An immunotherapy drug will be made available on the NHS in England for certain people with lung cancer. 

The National Institute for Health and Care and Excellence (NICE) recommended durvalumab (Imfinzi) for people with advanced non small cell lung cancer who can’t have surgery. 

NICE specified that patients’ cancers must also test positive for a molecule called PD-L1. And patients must also have previously had chemotherapy and radiotherapy at the same time, so-called concurrent therapy.

Rose Gray, policy manager at Cancer Research UK, said: “This decision is fantastic news, as it means some patients with this type of lung cancer will have access to a new treatment, at a stage of the disease where no drug was available before.” 

The treatment, which reawakens the patient’s immune system, will be available via the Cancer Drugs Fund while more data is collected on its long-term effectiveness.

Gray said patients and doctors told NICE about the lack of alternate treatments, adding “it’s great that NHS England, NICE and the company have worked together to reach this deal.” 

The clinical trial

The approval comes after a clinical trial showed durvalumab extended the time before patients’ lung cancers got worse after chemotherapy and radiotherapy treatment. 

The trial involved 709 people, with 473 receiving durvalumab and the rest receiving a dummy drug (placebo). 

Those who took durvalumab lived 16.8 months on average before their cancer got worse, compared with 5.6 months for those taking the placebo. 

Around 44 in 100 people treated with the immunotherapy had not seen their disease get worse 18 months after treatment, compared with around 27 in 100 people who took the placebo.  

Reported side effects did not differ greatly between groups. Lung infections (pneumonia) and a reduced number of red blood cells (anaemia), which can cause fatigue, were some of the most common side effects reported from both groups.

How does durvalumab work?

Durvalumab is an immunotherapy drug that helps reawaken the patient’s immune system.
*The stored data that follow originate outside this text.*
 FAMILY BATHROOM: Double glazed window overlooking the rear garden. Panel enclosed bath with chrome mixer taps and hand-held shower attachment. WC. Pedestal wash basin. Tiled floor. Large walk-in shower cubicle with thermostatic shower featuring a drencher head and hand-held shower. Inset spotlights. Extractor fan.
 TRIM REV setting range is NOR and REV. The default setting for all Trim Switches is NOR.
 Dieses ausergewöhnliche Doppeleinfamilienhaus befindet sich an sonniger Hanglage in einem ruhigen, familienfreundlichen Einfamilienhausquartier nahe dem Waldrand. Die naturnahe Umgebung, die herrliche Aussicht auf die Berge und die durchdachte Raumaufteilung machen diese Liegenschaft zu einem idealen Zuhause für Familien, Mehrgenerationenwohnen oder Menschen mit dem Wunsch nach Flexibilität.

It blocks molecules on the surface of tumour cells that can switch off immune cells. 

The molecule it targets is called PD-L1. Treatment releases the brakes on immune cells so they can attack cancer cells. 

More evidence needed

Gray said durvalumab will be paid for through the Cancer Drugs Fund because NICE wants more evidence on how much extra time it offers patients before their cancer spreads.
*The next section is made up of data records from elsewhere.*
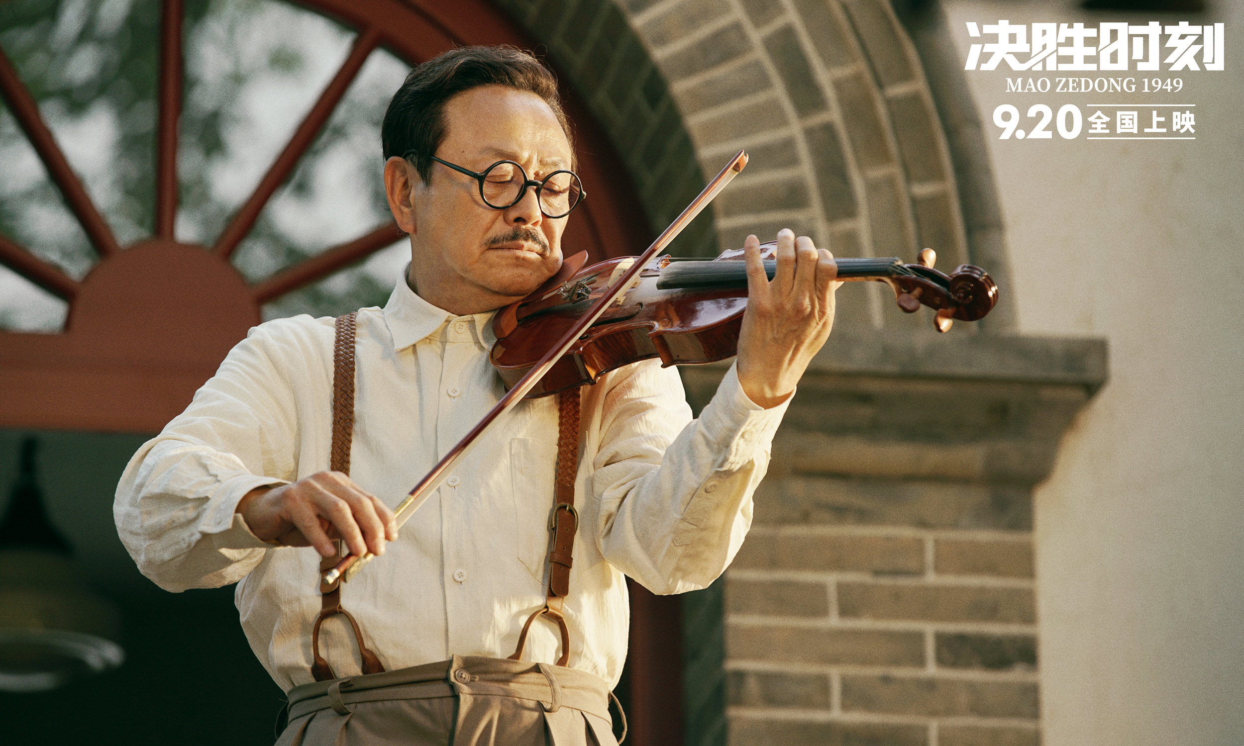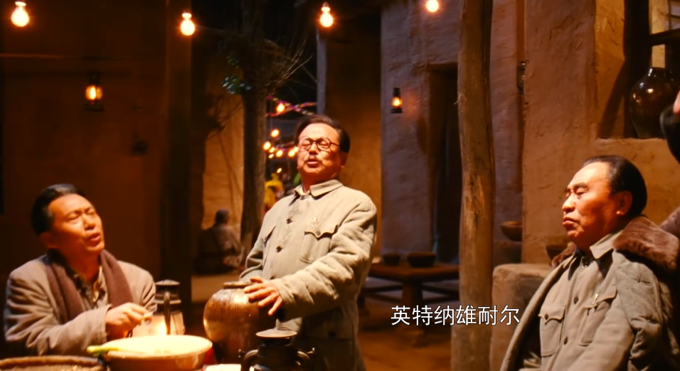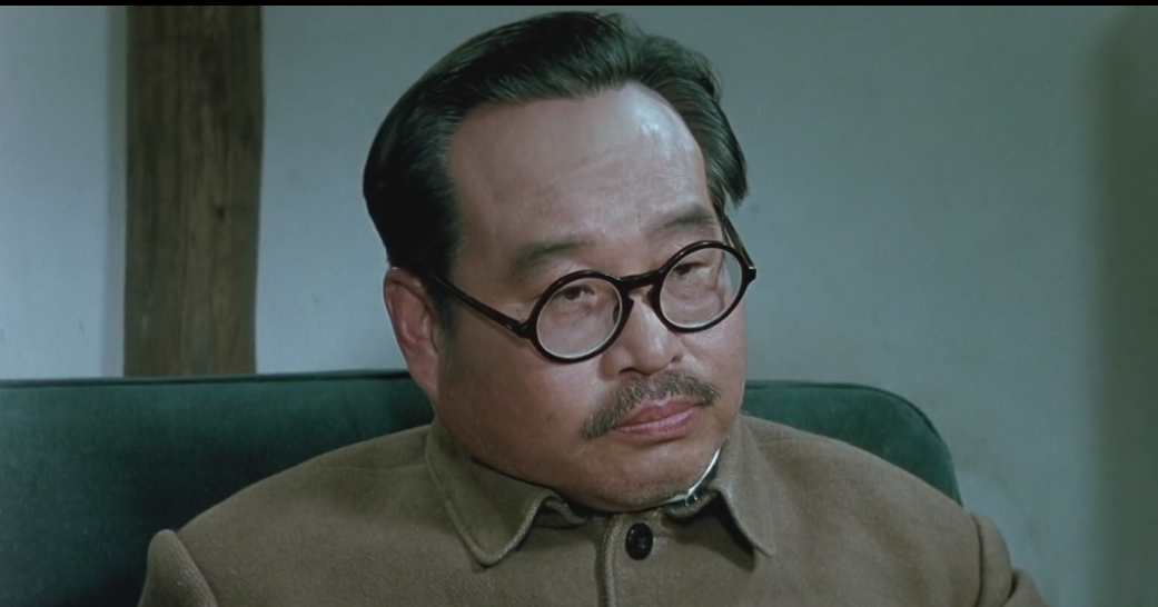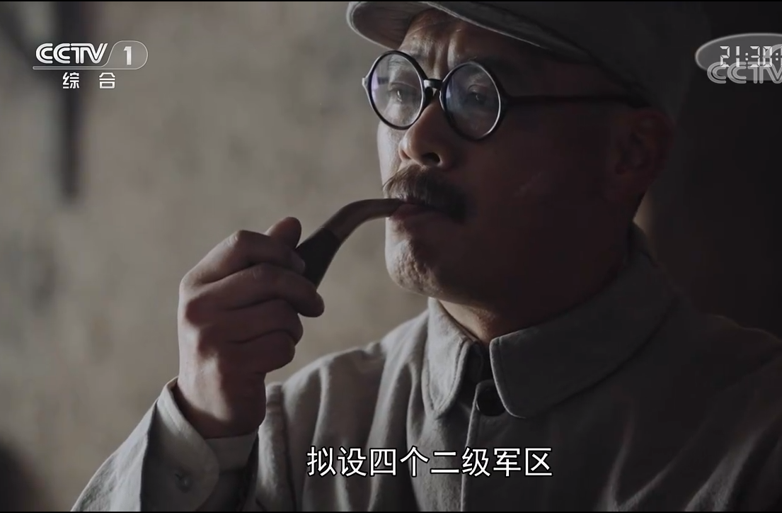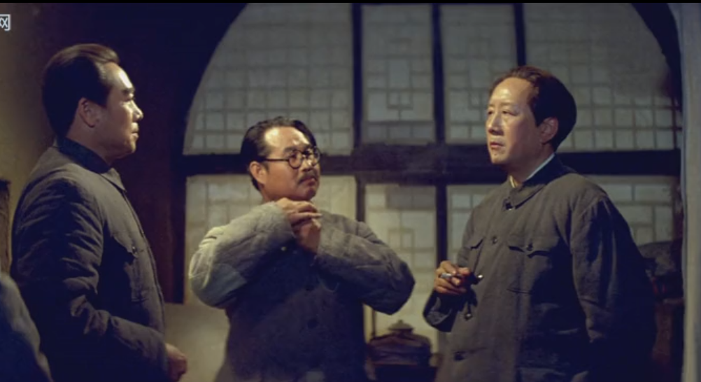 他在片中出现的机会并不多,主要场景,是我方领导集体在香山别墅里讨论进军全国的战略决策时,有着非常短促的出镜机会。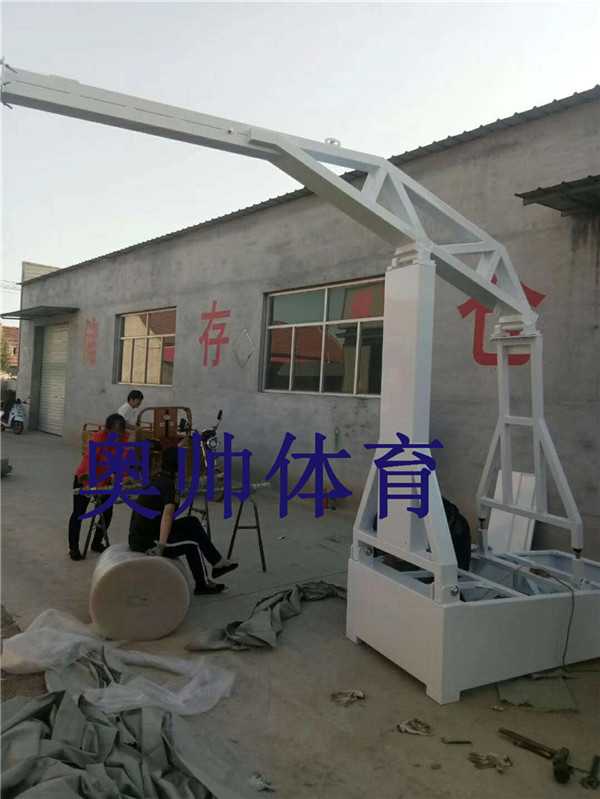 白色電動(dòng)液壓籃球架生產(chǎn)完成組裝調(diào)試中,測(cè)試伸臂的靈活性,生產(chǎn)組裝電動(dòng)液壓籃球架我們是專業(yè)的,歡迎新老客戶來(lái)本公司觀摩考察!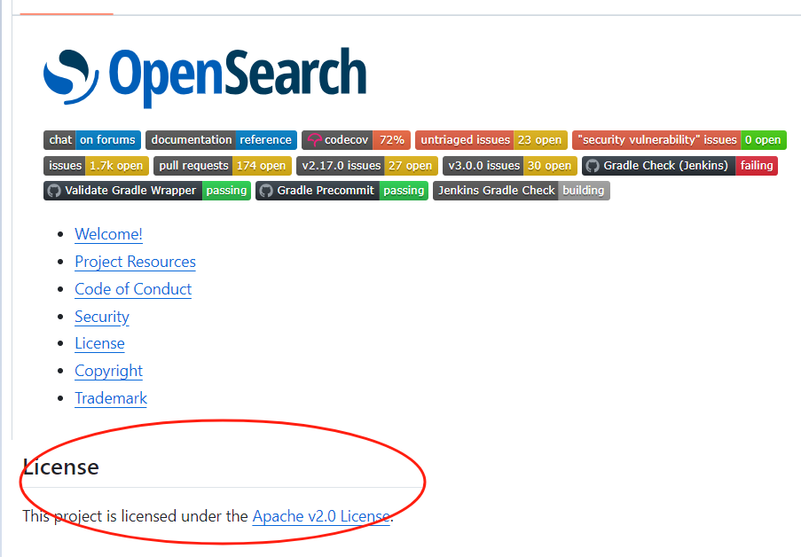 注意:OpenSearch 使用的是 Apache 2.0 许可证(Apache License 2.0)。这是一个宽松的开源许可证,允许用户自由使用、修改和分发代码,无需担心开源代码的使用方式受到过多的限制。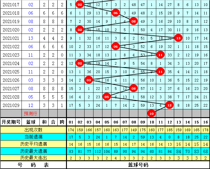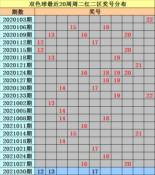 最近20个周二红二区18,表现最热,开出次数为5次,红球12、15、21、22,表现最冷,出现2次,上周二开出2个号16、20,本期该区参考号码:12、13、17。

“By recommending it for the Cancer Drugs Fund, patients will have access to it while more data is collected.”

A spokesperson for NICE, Meindert Boysen, said they look forward to seeing more evidence on its effectiveness. 

“After relatively few developments in the past two decades for people with this type of lung cancer, this decision will be particularly welcome to those with the condition, their families and the healthcare staff and experts working with them.”

Not for everyone with this cancer type

Gray added however that “many patients with this type of cancer won’t be able to have the drug, based on how their radiotherapy and chemotherapy was given.” 

The final draft guidance only applies to a specific group of patients, those who have previously had chemotherapy and radiotherapy at the same time. This is because this was the approach tested in the trial. 

Patients are currently more likely to receive chemotherapy first in England, followed by radiotherapy (known as sequential therapy). 

“Research is still being done to see if people who have their radiotherapy and chemotherapy at separate times would also benefit from this drug. We urge NICE and the drug company to evaluate this data as soon as possible,” said Gray.

NICE decisions are also adopted by Wales and Northern Ireland so durvalumab should be available for eligible patients there too.